== YOUR OBJECTIVE ==
Without copying any picture, transcribe exactly the lines of the data below from the one containing "トマトときゅうりとオクラの塩昆布サラダ簡単 時短レシピサイトNadia。" through the one containing "04 | 13 | 3 |".

== MATERIAL FOR THIS EXERCISE ==
******

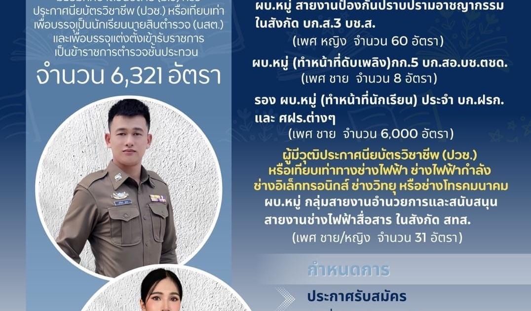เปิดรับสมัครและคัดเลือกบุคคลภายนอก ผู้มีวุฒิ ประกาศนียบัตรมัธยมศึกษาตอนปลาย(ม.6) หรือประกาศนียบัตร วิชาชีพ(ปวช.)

******

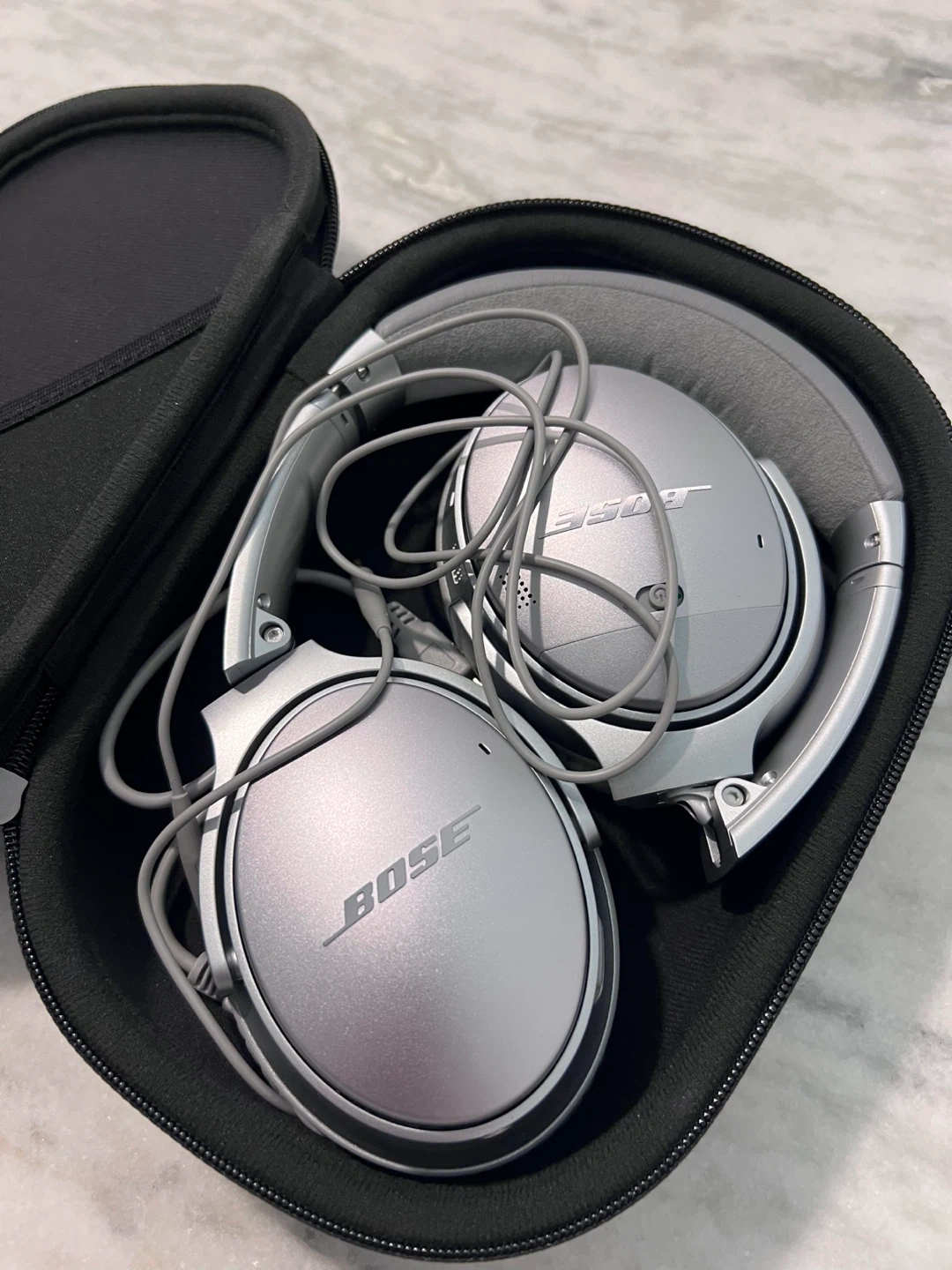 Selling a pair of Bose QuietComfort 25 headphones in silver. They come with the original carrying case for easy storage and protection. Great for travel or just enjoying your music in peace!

******

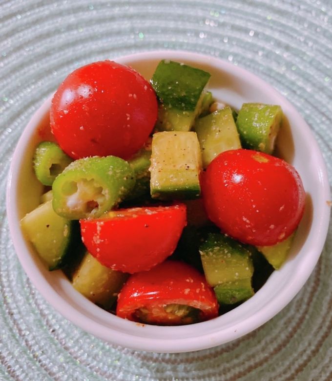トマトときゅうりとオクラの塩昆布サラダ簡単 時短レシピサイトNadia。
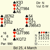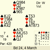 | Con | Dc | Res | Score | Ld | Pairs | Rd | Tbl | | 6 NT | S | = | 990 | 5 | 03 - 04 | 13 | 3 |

******

== EXERCISE ANSWER ==
トマトときゅうりとオクラの塩昆布サラダ簡単 時短レシピサイトNadia。
 | Con | Dc | Res | Score | Ld | Pairs | Rd | Tbl | | 6 NT | S | = | 990 | 5 | 03 - 04 | 13 | 3 |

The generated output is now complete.